Оглавление


Глава IV


V
Итог "гнилого компромисса"

На страницах этой книги мы ещё не раз будем возвращаться к вопросу о причинах "признаний" подсудимых московских процессов. Говоря в этой связи о процессе 16-ти, следует подчеркнуть, что это был первый открытый процесс над старыми большевиками. До него к подсудимым показательных процессов ("Промпартии", "Союзного бюро меньшевиков" и др.) смертная казнь не применялась. Ещё более естественным было бы ожидать, что к смертной казни не будет приговорён ни один из старых большевиков. Ведь даже наиболее последовательный и открытый противник Сталина Рютин был в 1932 году приговорён "всего" к 10 годам тюремного заключения.

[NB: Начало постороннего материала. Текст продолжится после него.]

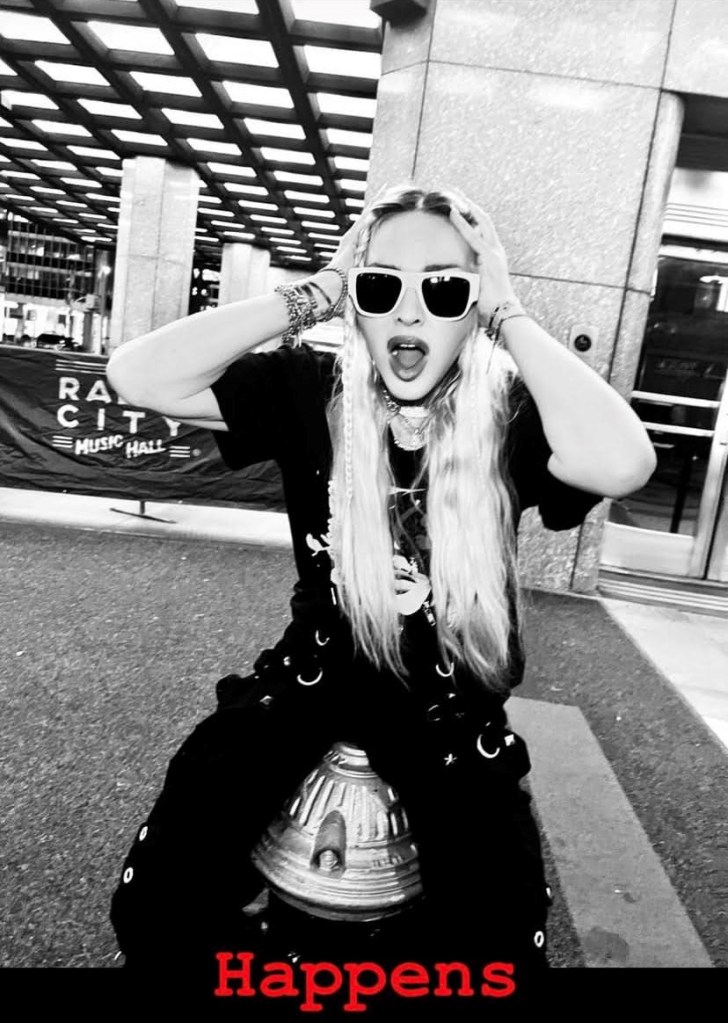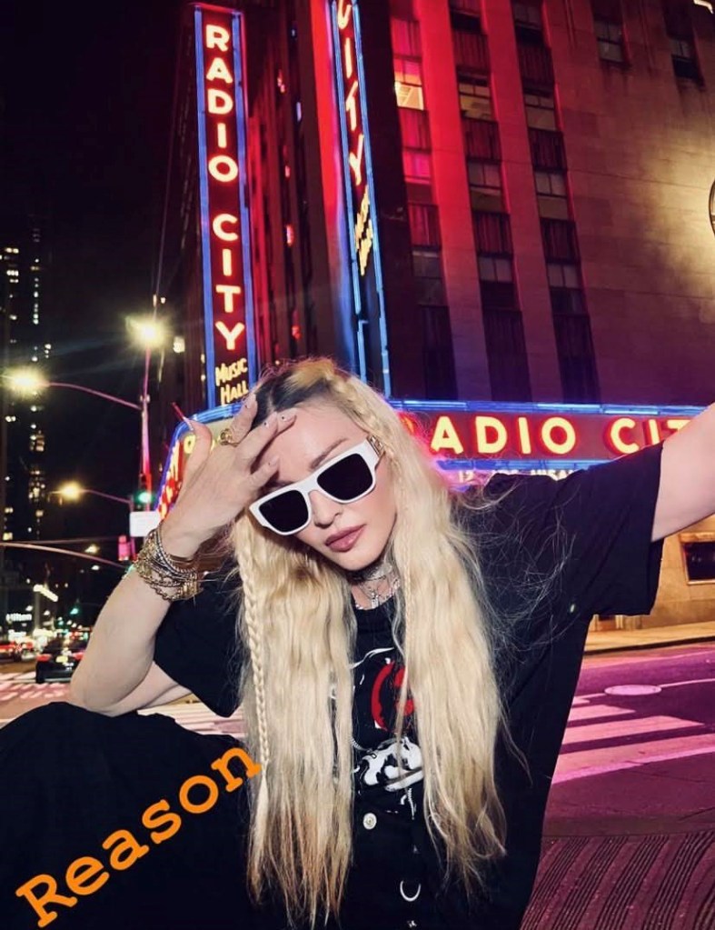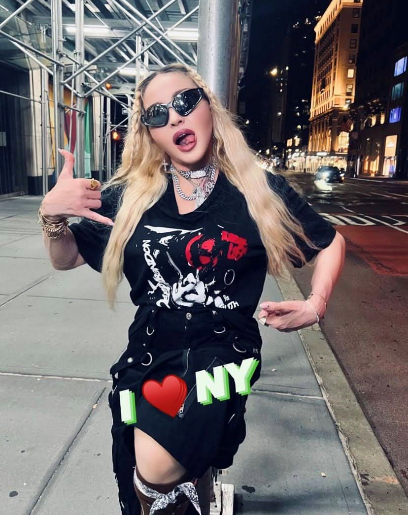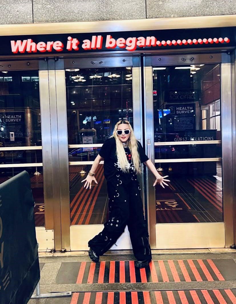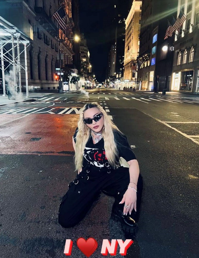 Madonna nos sorprendió a todos subiendo una gran cantidad de fotos a su cuenta de Instagram en donde la vemos posando muy alegremente en el corazón de Manhattan, ni más ni menos que en la puerta del «Radio City Music Hall». En un primer momento, la diva subió algunas fotos a sus Stories de Instagram en donde podíamos leer «Donde todo comenzó…» y «Amo NY», recordando aquellos años de juventud cuando llegó por primera vez a la gran ciudad. En las fotos, tomadas por Ricardo Gomes, la vemos con un look juvenil con pantalones anchos negros, camiseta y botas y con un detalle muy particular: una media con el rostro del rapero Tupac. Madonna posó en el portal de «Radio City Music Hall» como así también en medio de la quieta y solitaria calle de Manhattan. También subió un breve video en donde la vemos bajando de un coche con la música de fondo de su canción «I Love New York» acompañada del texto: «buscando locaciones» por lo que asumimos que la cantante estaría buscando lugares para el inicio de la filmación de su película autobiográfica.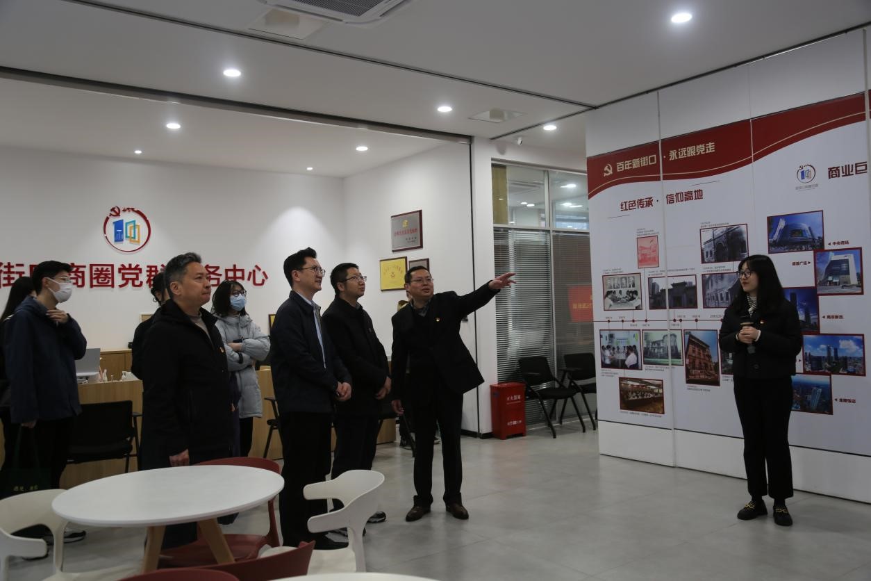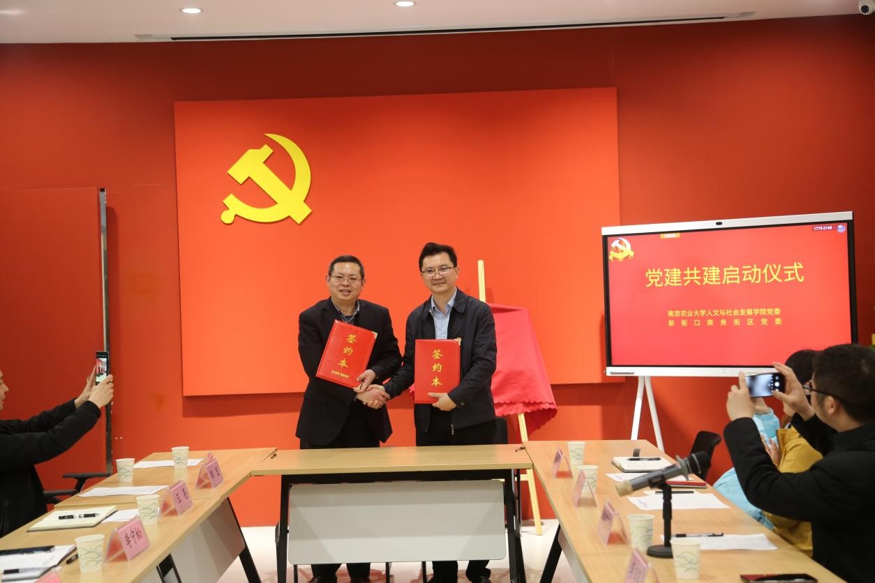 “党建+新街口商圈教育基地”揭牌。戚秋生和李日葵代表双方单位共同签署党建共建协议书。双方商定将在政治理论联学实践活动联办、推进产教融合协同创新发展、弘扬志愿精神聚力服务社会等方面加强交流互动。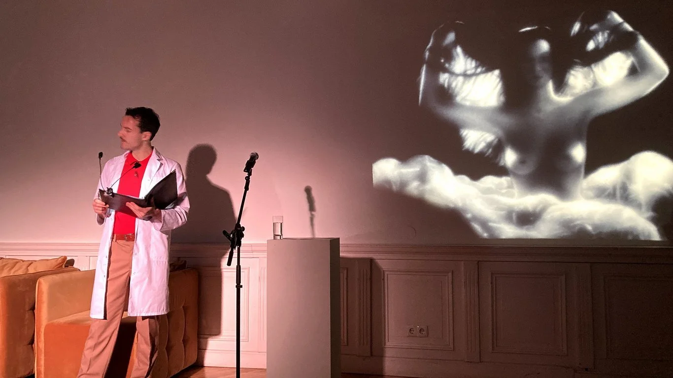 During the exhibition Gleizds, Paper, Scissors, we sought to engage with the ideas of the sexologist Jānis Zālītis—who was known for his progressive thinking on intimacy and human relationships—by exploring his views on the connection between the creative and sexual faculties in human life through a performance of the lecture “On the Eroticisation of Family Life,” alongside a presentation of Jānis Gleizds’s colour slides.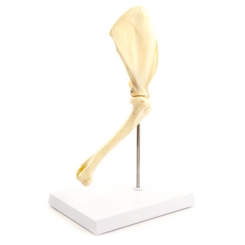 This immobile model from HeineScientific shows the skeletal structures of the shoulder of a medium-sized dog. The anatomical canine shoulder model measures 28 x 8 x 5 cm is mounted on a white plastic base and is used by vets for a simple representation of shoulder problems and therapy options. The artificial model is made of high-quality plastic and weighs 530 g.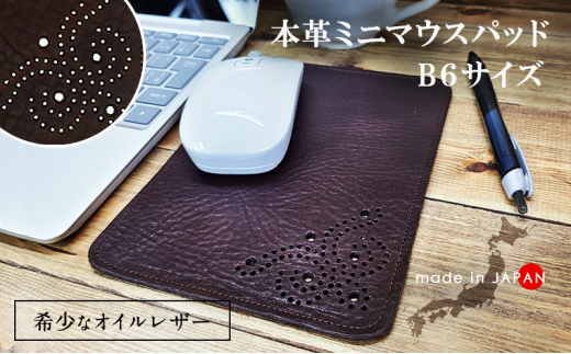 B6サイズの本革マウスパッド。コンパクトで邪魔にならず、ノートパソコンと一緒にスマートにPCケースに収納可能。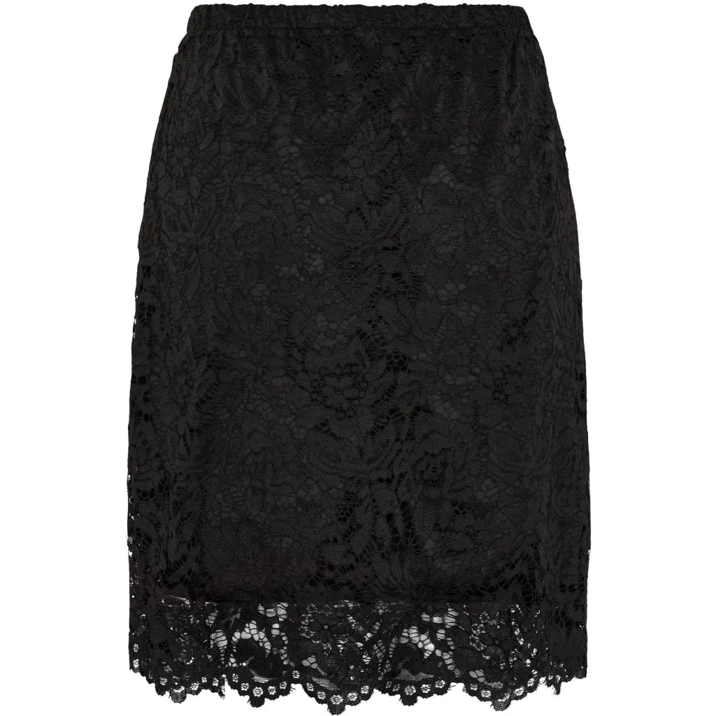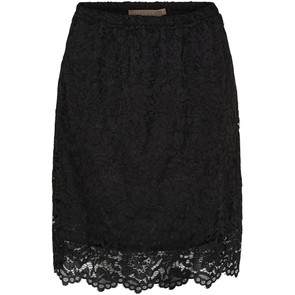 MdcGeyser skjørt fra Marta du Château har et komplekst blondemønster som gir plagget et distinkt utseende. Den dekorative blondekanten nederst tilfører en visuell detalj som skiller skjørtet fra enklere design. Skjørtet er laget i svart farge.

Вес сталинским обещаниям сохранить подсудимым жизнь могло придать то обстоятельство, что в феврале 1936 года было опубликовано постановление ЦИК об освобождении от дальнейшего отбывания заключения подсудимых, проходивших по процессу "Промпартии", в связи с их "полным раскаянием... в своих прежних преступлениях перед Советской властью" и успешной работой в режимных условиях[1]. Хорошо было известно и о том, что академик Тарле, согласно материалам того же процесса намечавшийся "Промпартией" на пост министра иностранных дел, находится на свободе, занимается научной работой и завершает подготовку к печати своей книги "Наполеон".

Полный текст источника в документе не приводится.